Ranging beyond the Moon, however, requires larger telescopes and/or greater laser pulse energies due to a 1/R^4 range dependence of signal strength. However, if one utilizes a two-way laser transponder technique, the signal strength varies only as 1/R^2 and allows precision time transfer and ranging over interplanetary distances with modest spaceborne laser energies and telescope apertures. This was demonstrated by pointing the NASA Mars Orbiter Laser Altimeter (MOLA) toward a NASA ground Station and exchanging laser pulses over an 80 million km distance.

Subject Matter Level: Intermediate - Assumes basic knowledge of the topic

What You Will Learn:

• An overview of subcentimeter satellite and lunar laser ranging technology, and its science and engineering applications
• How satellite laser ranging enhances the accuracy and applications of spaceborne microwave and laser altimeter measurements
• An introduction to two-way laser transponders, which extend precise ranging and time transfer over interplanetary distance

Who Should Attend:

• Researchers interested in the applications of satellite ranging technology such as relativity, global time transfer, subcentimeter satellite positioning, gravity fields, geophysics, climate change effects on sea level, land and ice topography, bathymetry, interplanetary ranging and time transfer, etc.
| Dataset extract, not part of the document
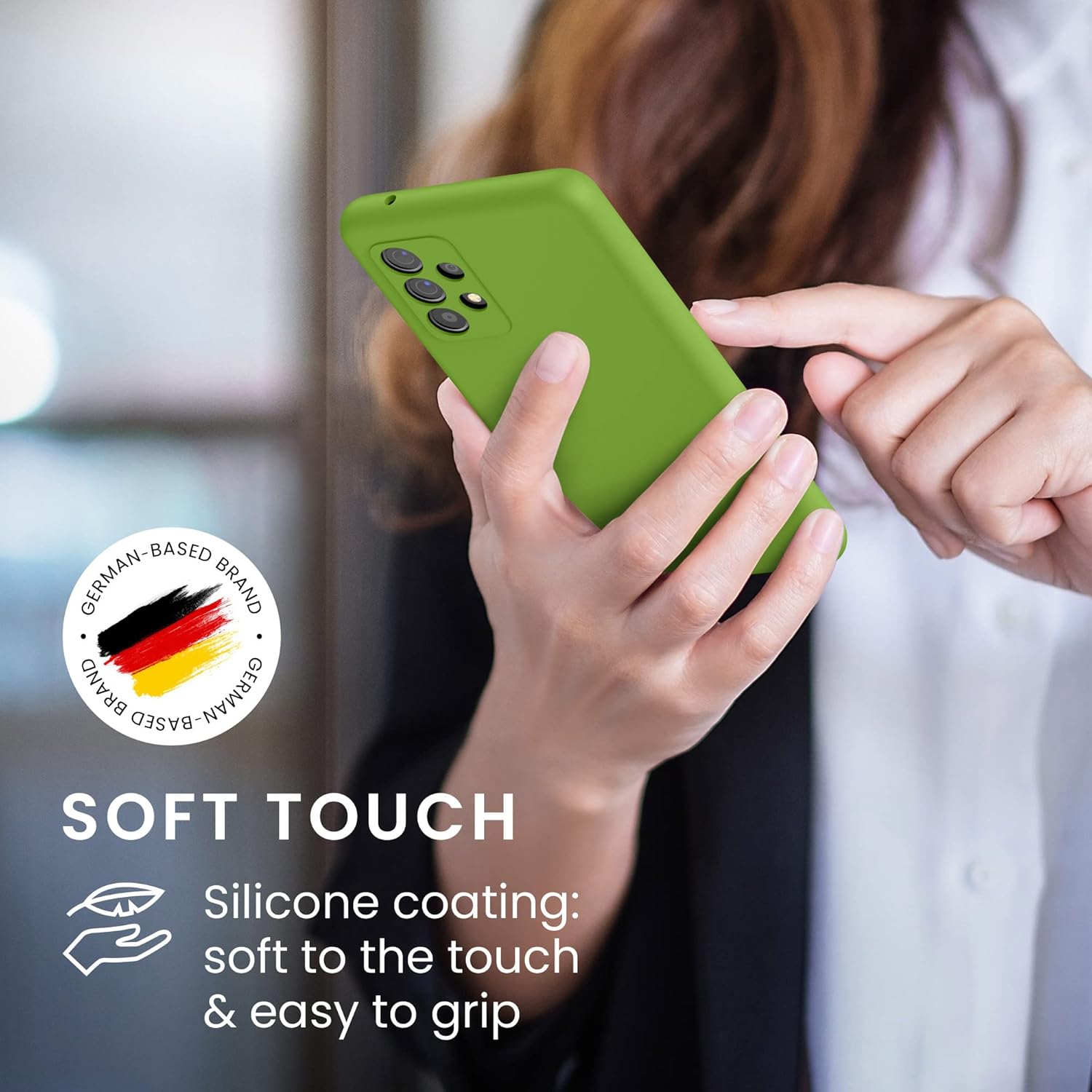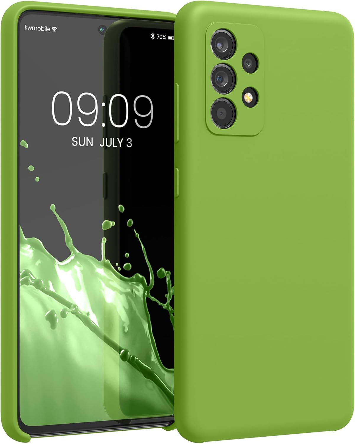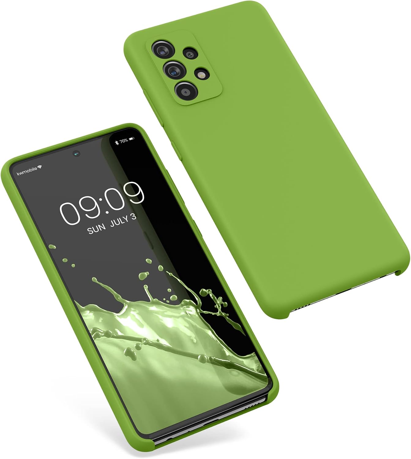 Силиконов калъф kwmobile, съвместим с Samsung Galaxy A52 / A52 5G / A52s 5G, с мека повърхност и безжично зареждане, цвят зелен пипер

About the Presenter: John Degnan, Independent Technical Consultant

Dr. John Degnan is presently a semi-retired Independent Technical Consultant following a 38 year Civil Service career at NASA Goddard Space Flight Center (GSFC) in Greenbelt, MD (1964-2003) and a subsequent 16 year career as Chief Scientist at Sigma Space Corporation in Lanham, MD (2003–2018). Supervisory positions at GSFC included Head, Advanced Electro-Optical Instrument Section; Deputy Manager, NASA’s Crustal Dynamics Project; and Head, Space Geodesy and Altimetry Projects Office. From 1988 to 1992, he also served as a Distinguished Adjunct Professor of Physics at The American University in Washington DC where he taught a two semester graduate course in Quantum Electronics. Dr. Degnan is a Fellow of Optica.